Después de accidente (del que ya te hablé y no voy a repetirlo) Lucila y yo quedamos en una situación muy difícil. No sé qué habría sido de nosotras sin mi madrina Rosario. Ella fue quien nos llevó a vivir al cuarto de azotea. (Aunque no lo dijo, creo que no quiso alojarnos en su departamento para que no corriéramos peligro con sus cinco hijos, bastante mayores.) Además, pagaba una parte de nuestros gastos y nosotras cubríamos la otra con lo que sacábamos vendiendo toda clase de mercancías menudas: estropajos, limones, trapos de cocina y los mejores retazos que nos obsequiaban en el taller, pero siempre apartábamos algunos para confeccionar nuestras muñecas. Llegaron a ser muchas, suficientes para ocupar los huecos dejados por los ausentes.
IV
Digamos que reabrí el Ministerio de la Soledad a partir de que llegó la pandemia y se hizo necesario el confinamiento. Además de las posibilidades que me brinda la computadora, tengo contacto real y directo, aunque muy breve, nada más con los repartidores que me traen lo que necesito. Cuando se van quedo rodeada sólo de objetos. Les he puesto nombre y me dirijo a ellos como si fueran personas que me escuchan interesadas y pacientes. Sé que este hábito es una locura pero, mientras funcione, no pienso descartarlo.

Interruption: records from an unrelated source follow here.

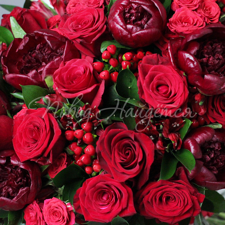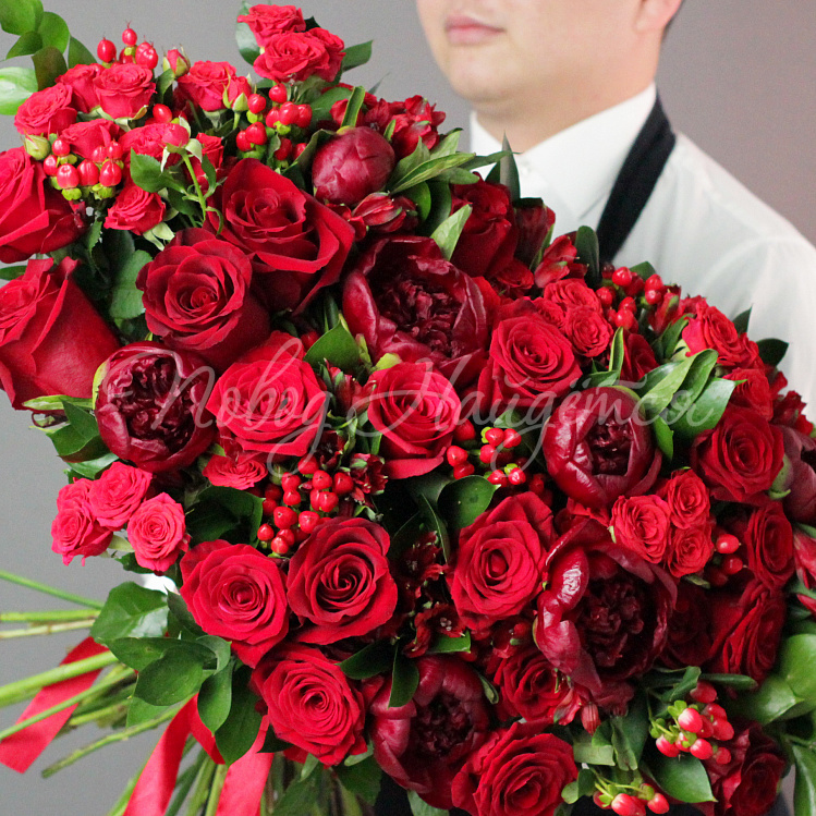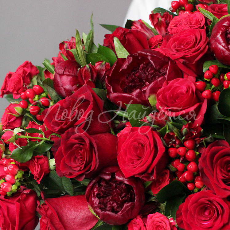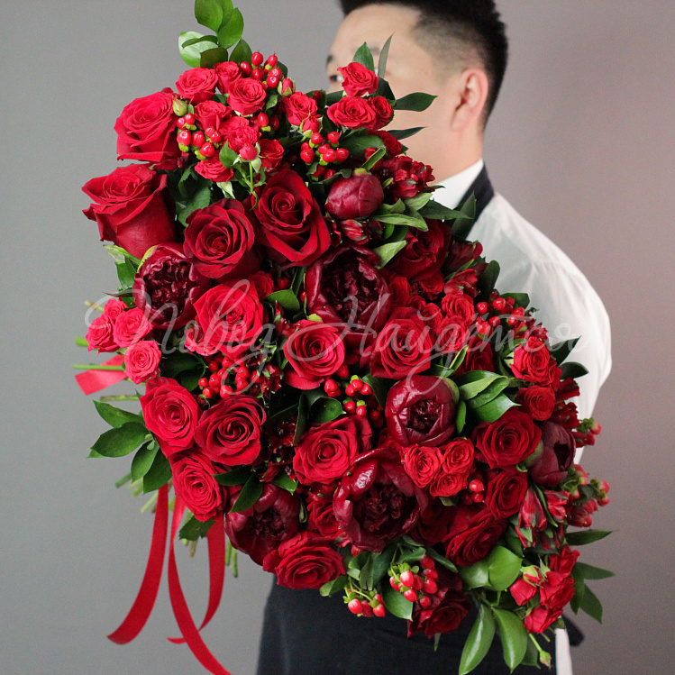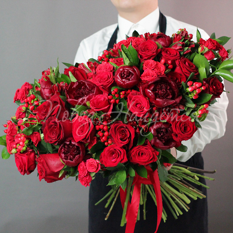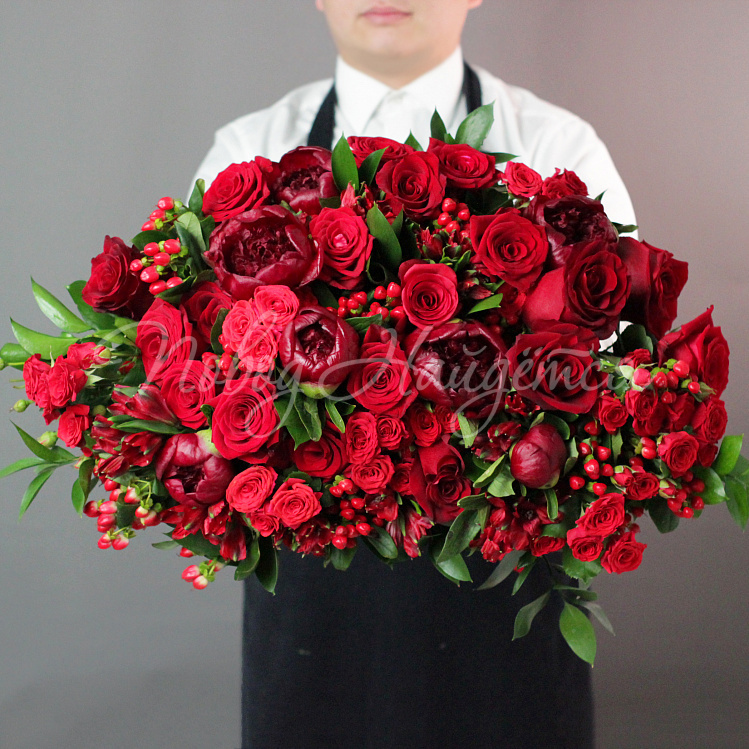 Состав: пион бордо 7 шт, роза красная 60 см 10 шт, роза красная 50 см 10 шт, роза кустовая красная 10 шт, альстромерия красная 10 шт, гиперикум красный 10 шт, рускус 20 шт
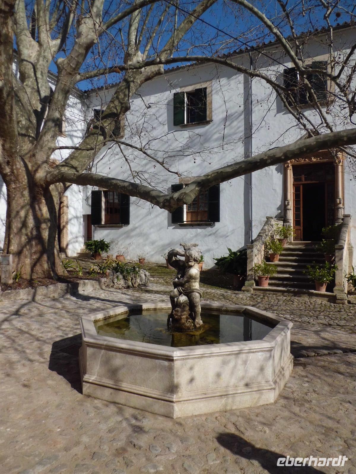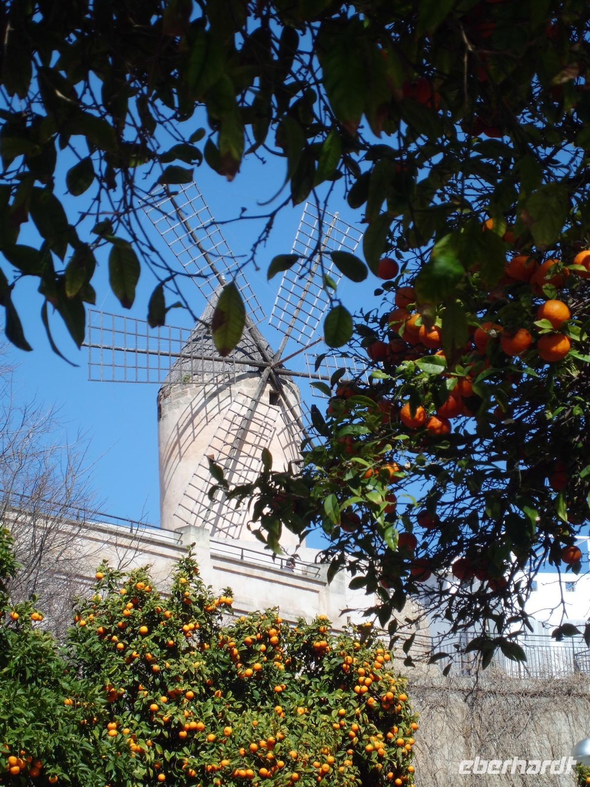 Auch heute lacht die Sonne vom wolkenlosen Himmel. Wir fahren vorbei an Palma hinauf nach Valldemossa. Magdalena führt uns durch die Klosterkirche und Kartause in der der Komponist Fréderic Chopin mit George Sand den Winter 1838/39 verbrachte. Wir genießen ein kleines Klavierkonzert bevor wir genügend Zeit haben, um die schönes Stadt selbst zu erkunden. Ich nutze die Gelegenheit, um für alle meine Gäste einen Coca de Patata, die Spezialität Valldemossas zu kaufen. Diese mallorquinische Kartoffelkuchen lassen wir uns am Mirador de Na Foradada mit Blick auf den Felsen „Die Gelöchterte“ munden. Gestärkt können wir uns nun auf die kurvenreiche Fahrt entlang der Nordküste nach Port de Soller begeben. Busse dürfen leider nicht bis zum Hafen fahren, somit parken wir einen kleinen Spaziergang von der Promenade entfernt. Wir haben wieder ausreichend Zeit um Mittag zu essen und zur Aussichsplattform oberhalb des Hafens hinauszusteigen. Von hier haben wir eine schönen Blick über die Bucht von Soller und die Steilküste mit dem tief unten liegenden Meer. Nach nur 15 Minuten Fahrt erreichen wir auch schon unser nächstes Ziel, die „Gärten von Alfabia“. Bei einer Führung durch die Gartenanlage und das Herrenhaus erfahren wir so einiges über die typischen Pflanzen der Insel und die vielen verschiedenen Palmenarten. Wer möchte, probiert einen frisch gepressten Orangensaft und ein Stück Mandelkuchen. Unser Rundgang endet an der alten aber sehr impossanten Ölmühle.
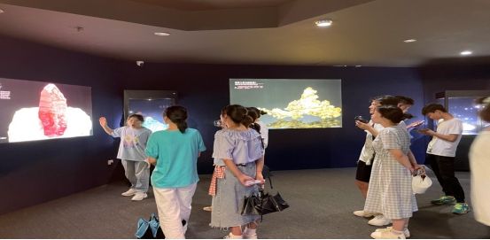 本次教学活动在黄瑛老师以及博物馆工作人员的安排下,20级旅游管理专业的15名学生各选取了一件自己感兴趣的宝石、矿物或化石展品进行讲解。同学们在进入博物馆前收集了大量相关资料,并经过了精心演练与准备,为博物馆带来了一场精彩绝伦的讲解盛宴。
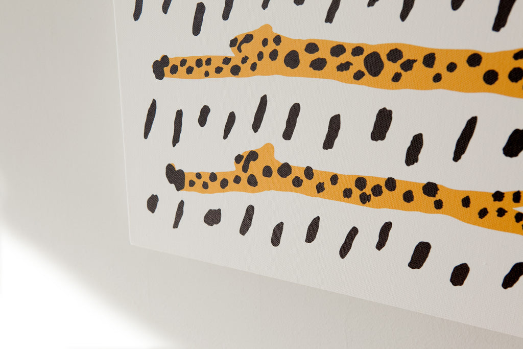 安定して組み立てられた木製フレームに、高品質のキャンバス生地を巻き付けています。

Todos mis días son iguales, tanto que a veces me confundo y no sé si estoy viviendo en jueves o en domingo. Para no extraviarme en esa especie de neblina, me impongo horarios y tareas. Ahora estoy ocupada en ampliar mi método para combatir la soledad. Cuando sienta que está completo, lo enviaré al Ministerio en el Reino Unido. Tal vez mis modestas sugerencias puedan sumarse a las medidas ya existentes para ayudar a la numerosa población de ancianos que han perdido familia y amigos, se ven condenados a la inactividad y a la miseria. Supongo, querido Tomás, que oprimidos por esas gravosas circunstancias, muchos viejos pasan el tiempo que les queda por vivir estacionados en los andenes de su última estación, esperando la llegada de la muerte.